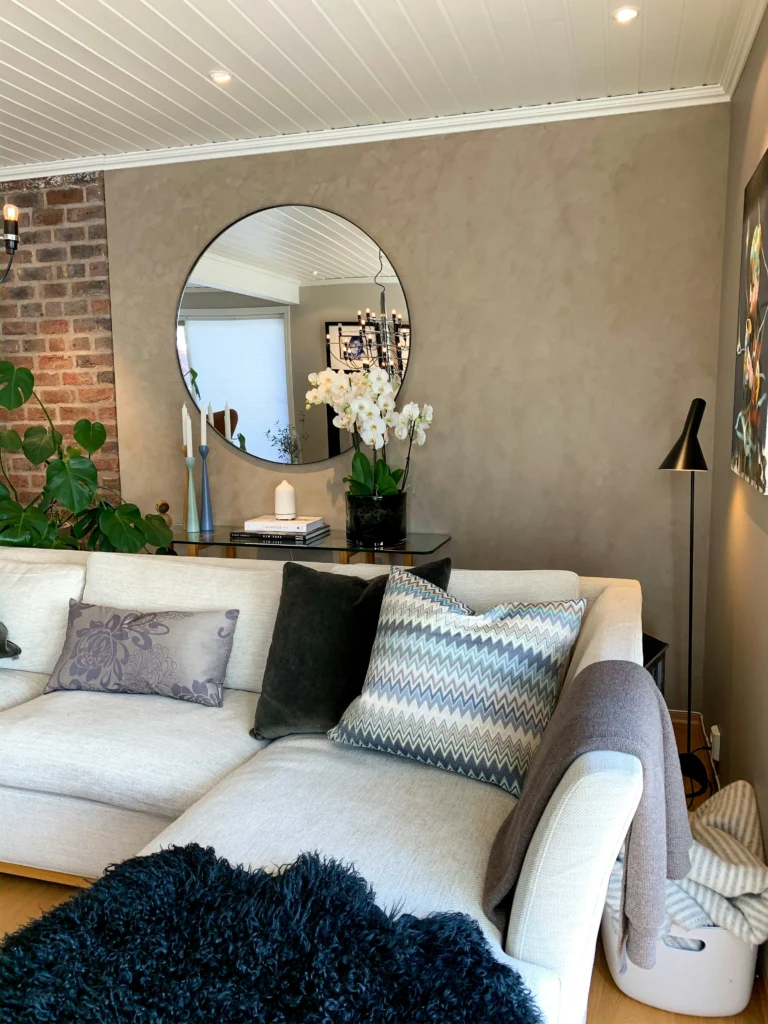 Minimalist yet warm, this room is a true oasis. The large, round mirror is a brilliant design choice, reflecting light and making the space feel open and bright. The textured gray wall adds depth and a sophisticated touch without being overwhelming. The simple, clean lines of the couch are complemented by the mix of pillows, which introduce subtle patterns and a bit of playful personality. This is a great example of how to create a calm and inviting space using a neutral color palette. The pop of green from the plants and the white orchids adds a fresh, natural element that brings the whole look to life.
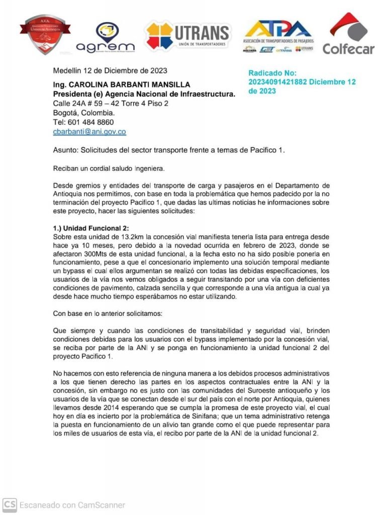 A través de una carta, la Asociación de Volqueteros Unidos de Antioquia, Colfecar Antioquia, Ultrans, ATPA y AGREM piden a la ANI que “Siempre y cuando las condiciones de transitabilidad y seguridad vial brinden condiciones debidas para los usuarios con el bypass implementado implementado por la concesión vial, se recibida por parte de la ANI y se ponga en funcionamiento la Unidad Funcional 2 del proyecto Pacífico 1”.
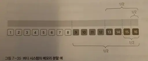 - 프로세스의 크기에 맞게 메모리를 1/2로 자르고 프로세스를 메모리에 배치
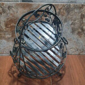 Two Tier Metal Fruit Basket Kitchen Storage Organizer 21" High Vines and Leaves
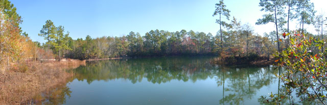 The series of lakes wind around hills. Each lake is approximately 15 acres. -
----------
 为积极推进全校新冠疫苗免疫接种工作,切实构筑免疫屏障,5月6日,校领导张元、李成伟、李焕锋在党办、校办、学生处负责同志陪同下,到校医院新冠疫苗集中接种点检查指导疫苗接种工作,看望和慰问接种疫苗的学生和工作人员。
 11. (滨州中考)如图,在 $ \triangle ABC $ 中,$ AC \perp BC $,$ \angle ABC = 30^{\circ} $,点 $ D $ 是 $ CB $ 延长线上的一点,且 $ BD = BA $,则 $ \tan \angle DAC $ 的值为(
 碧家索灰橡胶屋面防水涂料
----------
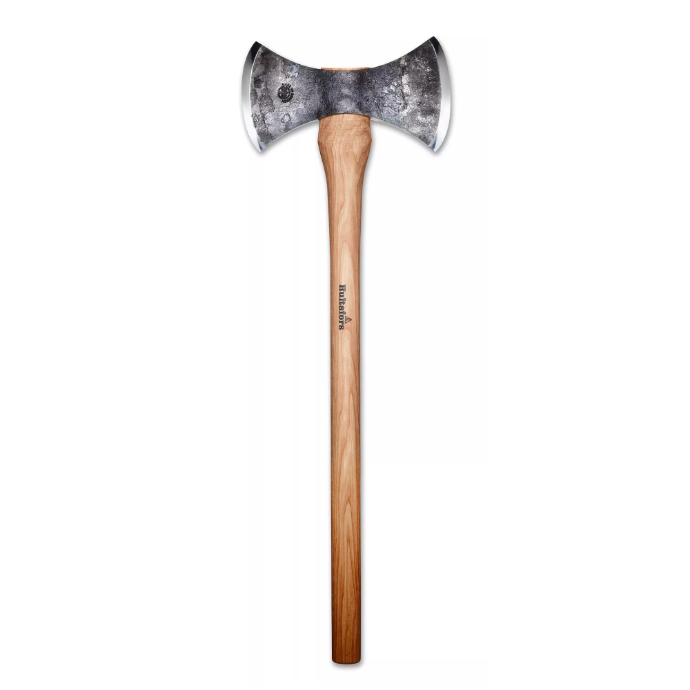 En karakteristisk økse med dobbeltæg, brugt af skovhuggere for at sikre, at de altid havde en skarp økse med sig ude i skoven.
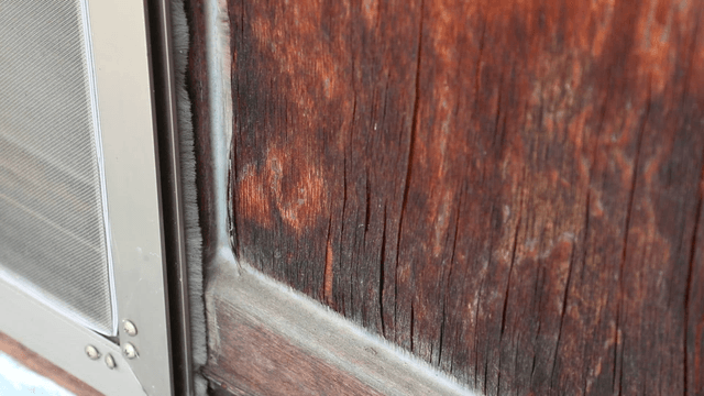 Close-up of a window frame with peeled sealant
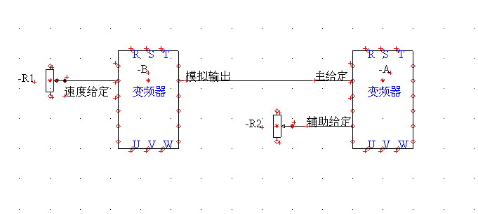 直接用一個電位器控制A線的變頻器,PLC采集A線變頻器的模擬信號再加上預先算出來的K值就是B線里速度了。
----------
■ What is being asked ■
Look above for the line holding "为积极推进全校新冠疫苗免疫接", then set down exactly that line and every line after it up to and including the line holding "碧家索灰橡胶屋面防水涂料", with nothing else.

■ Exercise result ■
 为积极推进全校新冠疫苗免疫接种工作,切实构筑免疫屏障,5月6日,校领导张元、李成伟、李焕锋在党办、校办、学生处负责同志陪同下,到校医院新冠疫苗集中接种点检查指导疫苗接种工作,看望和慰问接种疫苗的学生和工作人员。
 11. (滨州中考)如图,在 $ \triangle ABC $ 中,$ AC \perp BC $,$ \angle ABC = 30^{\circ} $,点 $ D $ 是 $ CB $ 延长线上的一点,且 $ BD = BA $,则 $ \tan \angle DAC $ 的值为(
 碧家索灰橡胶屋面防水涂料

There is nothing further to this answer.